Jawabannya tak terduga. Aku mengangkat alis kepadanya.
“Berikan bagianku kepada Do Han-Sol.”
“Mengapa?”
“Pasukan garda depan Keluarga telah musnah. Keluarga kehilangan kontak dengan mereka, dan pasukan bala bantuan akan segera menyadarinya. Aku yakin serangan akan dimulai paling cepat malam ini, atau paling lambat besok. Bagaimana jika kita berdua masih tidur saat itu?”
“…”
“Setidaknya salah satu dari kita harus siap.”
Kim Hyeong-Jun tersenyum lebar dan menepuk lengan bawahku.
Aku menatap Kim Hyeong-Jun dengan campuran rasa terima kasih dan permintaan maaf. Kim Hyeong-Jun mengerutkan kening dan melanjutkan.
“Oh tidak, jangan menatapku seperti itu. Lagipula, aku sudah menikah.”
“Aku bersumpah akan memukulmu suatu hari nanti.”
“Coba saja. Aku tantang kamu.”
Aku tertawa terbahak-bahak melihat upaya terbaru Kim Hyeong-Jun untuk membuatku kesal. Aku tersenyum tipis, dan Kim Hyeong-Jun membalas senyumanku.

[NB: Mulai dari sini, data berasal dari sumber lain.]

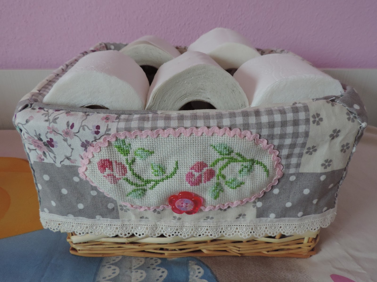 La forma de hacerlo es muy sencilla, he hecho un patrón de los lados de la cesta y los he cortado en tela, dándoles unos centímetros de más para coserlos y que quepan en la cesta., después le he cosido la puntilla de abajo y le he aplicado el bordado en punto de cruz, que había bordado en tela Aida. He bordado unas rosas porque si os fijais la tela tiene unos dibujos de rosas y también le he aplicado el botón en forma de flor, por el mismo motivo, porque en la tela hay flores con esa misma forma.

“Kamu duluan makan. Aku akan pergi memanggil Do Han-Sol.”
“Terima kasih.”
“Tapi jangan bangun terlalu siang, ya?”
“Aku akan coba.”
Aku menatap para mutanku, yang berada di lantai pertama gedung itu.
‘Bawalah mayat-mayat itu dan ikuti aku.’
Para mutanku mengikutiku, membawa kepala perwira ketujuh dan pemimpin dong dari Guui-dong.